Breast implants and cancer
Breast implant procedures also have their ups and downs. Although there is an incredible number of patients that are interested to undergo such procedures, there are also plenty of alarms and concerns when it comes to the safety of the patients. The number one concern is the possibility of having a breast cancer.
Just recently the Food and Drug Administration (FDA) has found a possible link between breast implants and the development of anaplastic large cell lymphoma (ALCL). This cancer of the immune system is very rare. According to the research, women with breast implants have increased risk of developing this type of cancer.
ALCL is a cancer of the lymphatic system. It can develop in various parts of the body. The most common parts are the lymph nodes, in the skin or in the organs throughout the body. It has a very low possibility to develop in the breast.

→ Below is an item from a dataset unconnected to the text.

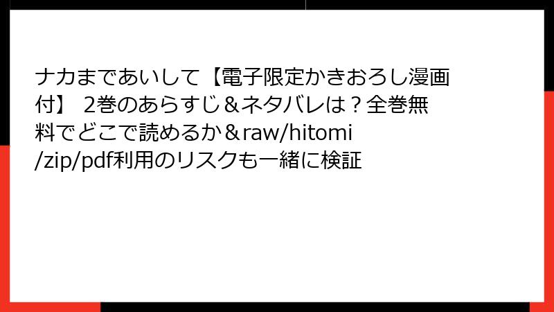 - +複数 で読み応え十分にまとめています。) ※全作品共通で「未読の方は絶対に読まないでください」と警告を入れ、 を活用して視覚的に整理。リンクは一切なし。 海賊版サイト(raw/hitomi/zip/pdf/漫画バンクなど)で漫画を読むリスクを徹底解説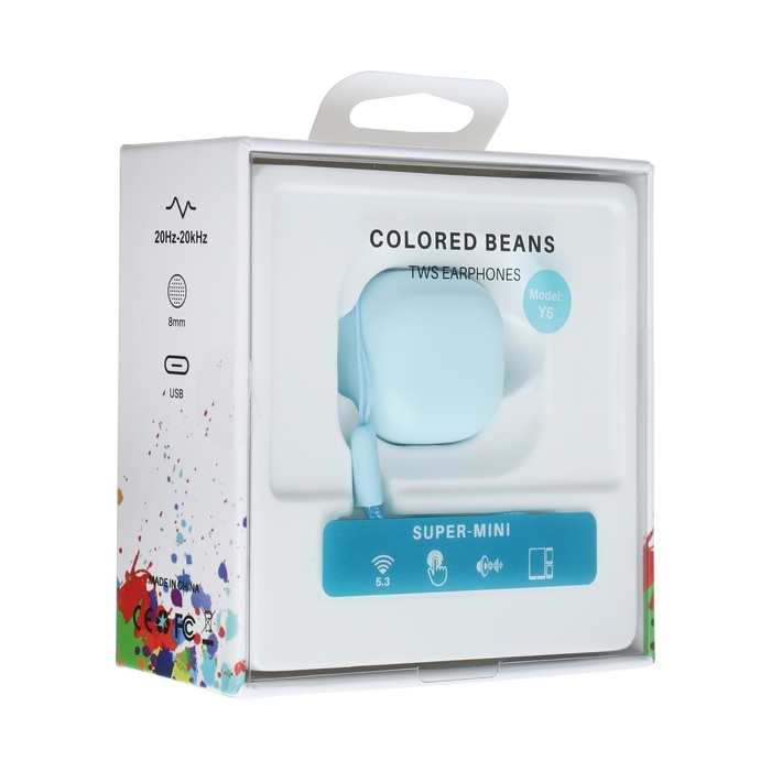 Наушники беспроводные Y6, TWS, вакуумные, BT 5.3, 30/200 мАч, Type-C, подвес, голубые

According to the National Cancer Institute, 1 out of 500 women a year in the United States is diagnosed with ALCL.
Cases of ALCL that is developed in the breasts show a ratio of only 3 out of 100 million women a year in the United States. If you have breast implant, it doesn’t mean that you need to freak out and decide your implants to be removed. You just have to keep in mind to follow up with your surgeon in the event you notice unusual symptoms after the surgery.
Though the possibility is very remote, it is always better to know about the non-specific symptoms such as capsular contracture, breast enlargement, tenderness and redness.